Terms of use
TERMS AND CONDITIONS OF USE
PLEASE READ THE FOLLOWING CAREFULLY BEFORE INSTALLING AND/OR USING THE PRODUCT. These Quantum Experience Ltd., Hamada 1, Rehovot 7670301, Israel and its affiliates, (hereinafter also referred to as “Quantum”) Terms and Conditions for Use (these “Terms”) are the terms and conditions upon which Quantum and its affiliates grants to the Purchaser the right to use Quantum products, and all ancillary products (collectively, the “Product”) as set forth in the agreement between Purchaser and Quantum, and constitute an integral part of the agreement (and/or purchase order) (the “Agreement”) between Quantum and Purchaser (the “Parties”). Acceptance of all purchase orders is expressly made conditional upon the terms and conditions set forth herein without modification or addition Quantum expressly disclaims any other terms and conditions of use and unless agreed otherwise in writing by the Parties, these Terms shall constitute the final, complete and exclusive terms and conditions of use agreement of the Parties with respect to the Product.
License
1. Subject to the terms and conditions of this Agreement Quantum grants the Purchaser a limited, personal, revocable, royalty free nonexclusive, nontransferable, non-sublicensable license to:
Demonstrate the levitation and suspension properties of a superconductor, e.g. quantum levitation, quantum locking, Meissner effect.
License Restrictions.
2. The Purchaser may not, and shall not permit any third party to:
i. sell, sublicense, lease, lend or rent the product; ii. modify or create derivative works of the product; iii. decompile, disassemble or reverse engineer all or any portion of the product; iv. remove any identification, including copyright, trademark, patent or other notices, contained in or on the product; v. use Quantum, name, logo or trademarks without prior written consent from Quantum; or vi. use the product to violate any laws, rules or regulations, or for any unlawful, harmful, irresponsible, or inappropriate purpose, or in any manner that breaches this Agreement.

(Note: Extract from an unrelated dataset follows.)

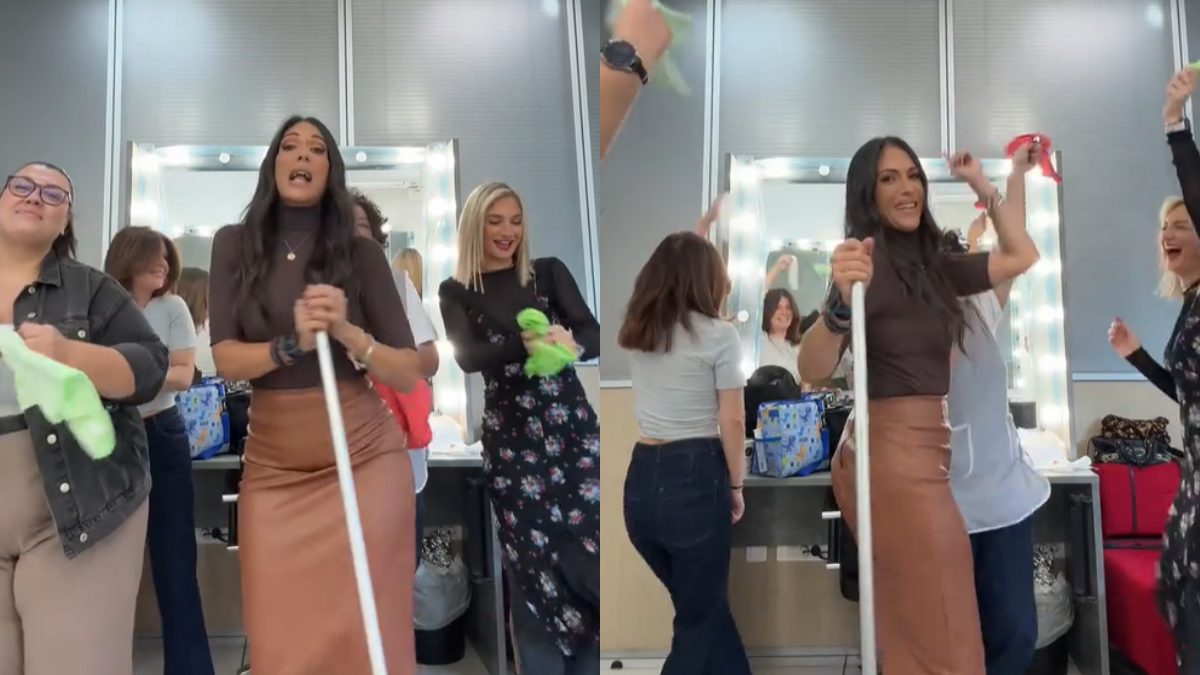 Βρισκόταν στο καμαρίνι της στα γραφεία του MEGA και χόρευε με τους συνεργάτες της το τραγούδι της Ελένης Φουρέιρα «Δεν κάνω εγώ για σπίτι», από τον ολοκαίνουριο δίσκο της, κρατώντας σκούπα και πετσετάκι στα χέρια της.

Ownership; Copyright Protection.
3. The product is licensed to the Purchaser, Quantum retain all title and ownership and intellectual property rights (including all copyrights, patents, trade secret rights and trademarks) in and to the product and any related documentation. Any right not explicitly granted to the Purchaser herein is reserved to the Quantum.

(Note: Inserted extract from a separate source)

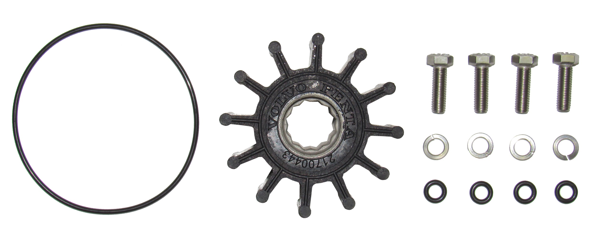 OEM Volvo Penta water pump impeller kit. Includes impeller, O-rings, and hardware. For use with Volvo V8-350C-D, V8-350-CE-D, V8-380-C-A. V8-380-C-B, V8-380-C-D, V8-380-CE-A, and V8-380-CE-D. Item Sku - VOL21700445

4. Cancellation of a transaction in accordance with the Consumer Protection (Cancellation), Htsa”a -2010 and Consumer Protection Act, 1981.
Pricing.
5. Product Prices List can be obtained by visiting the Quantum www.quantumlevitation.light-era.net/oldsite. Quantum reserves the right to change pricing without notice. If price quotation or order confirmation do not specify otherwise, prices are «ex works» and do not include transport, packaging, and delivery. These positions are billed separately. Quantum reserves the right to demand down payments, bank guarantees or another acceptable letter of credit) to collateralize the payment obligation of the Purchaser. The statutory sales tax is not included in the quoted prices . If needed, it will be billed additionally. All public taxes, fees, duties, and other charges that incur during an export contract or in the curse of the execution of a contract outside of Israel are paid by the Purchaser. If the Purchaser does not fulfill his payment obligations or other obligations resulting from the agreement, the Purchaser’s financial state significantly declines, or the Purchaser halts payment, Quantum has the right to deny shipments or demand advance payment or guarantees prior to shipments, demand compensation for nonfulfillment, and withdraw from the contract.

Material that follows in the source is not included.